[Extracted records]
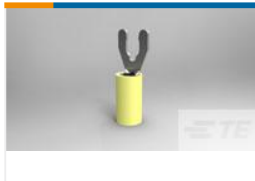
TE 产品编号 52943-1 TERMINAL,PIDG SPR SPD 12-10 10
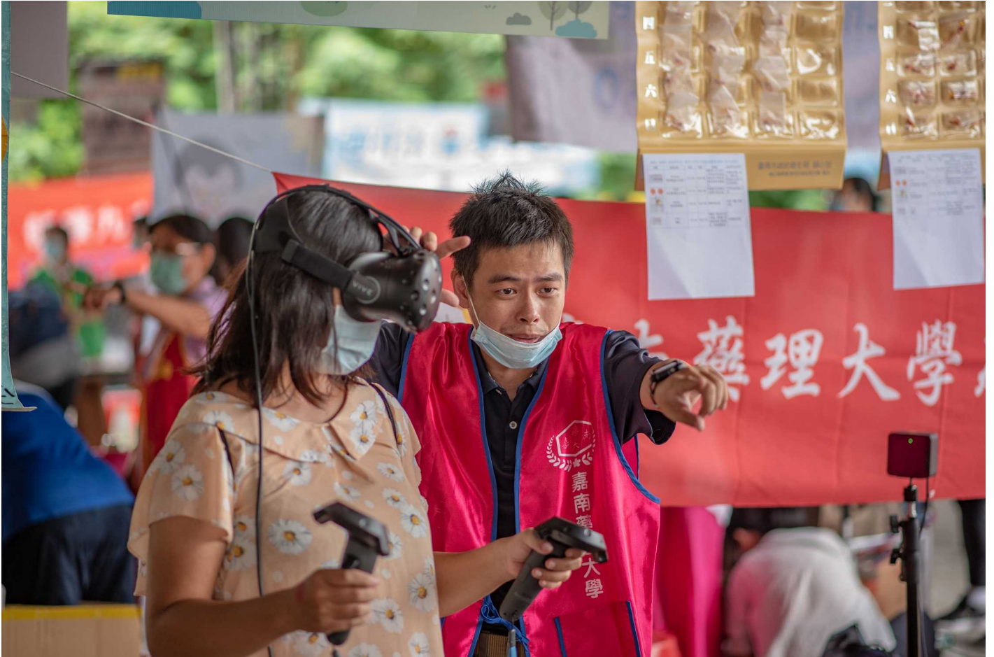
圖：嘉藥透過VR讓民眾實際了解毒品對人體的傷害。

隨著高齡化社會來臨，長者的醫療照護及衛教日益重要，嘉南藥理大學參加「台南市二〇二〇心理健康家園活動」，透過有趣的桌遊及VR體驗活動，增進民眾健康照護及衛教知識，現場超過二百名以上名民眾共襄盛舉，不僅民眾大呼有趣又能學到知識，參與活動的學生也在與民眾的互動中吸收經驗，成就感滿滿。
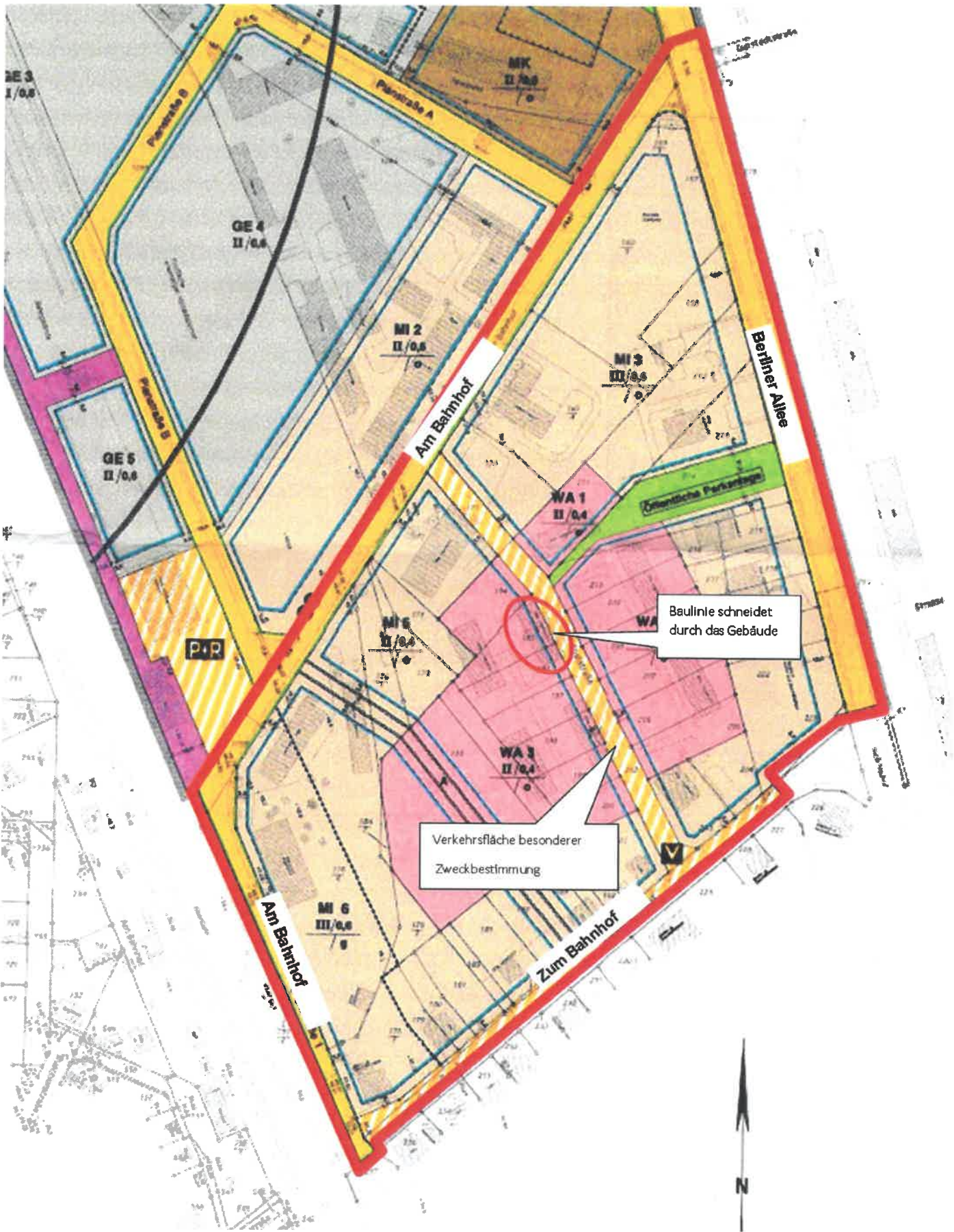
Geltungsbereich der 3. Änderung
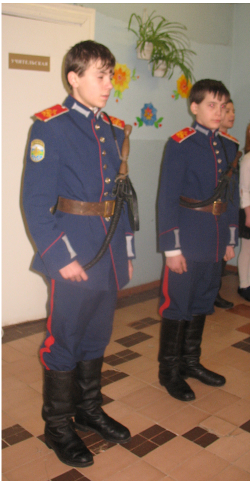
Бравые казаки поразили всех своей статью и выправкой

_REQUIREMENT_.
Take the line with "Geltungsbereich der 3. Änderung" as the first line and the last line of the records above as the final one; reproduce exactly the lines between them, both included, without pictures.

_SOLUTION FOR THIS PROBLEM_.
Geltungsbereich der 3. Änderung
Бравые казаки поразили всех своей статью и выправкой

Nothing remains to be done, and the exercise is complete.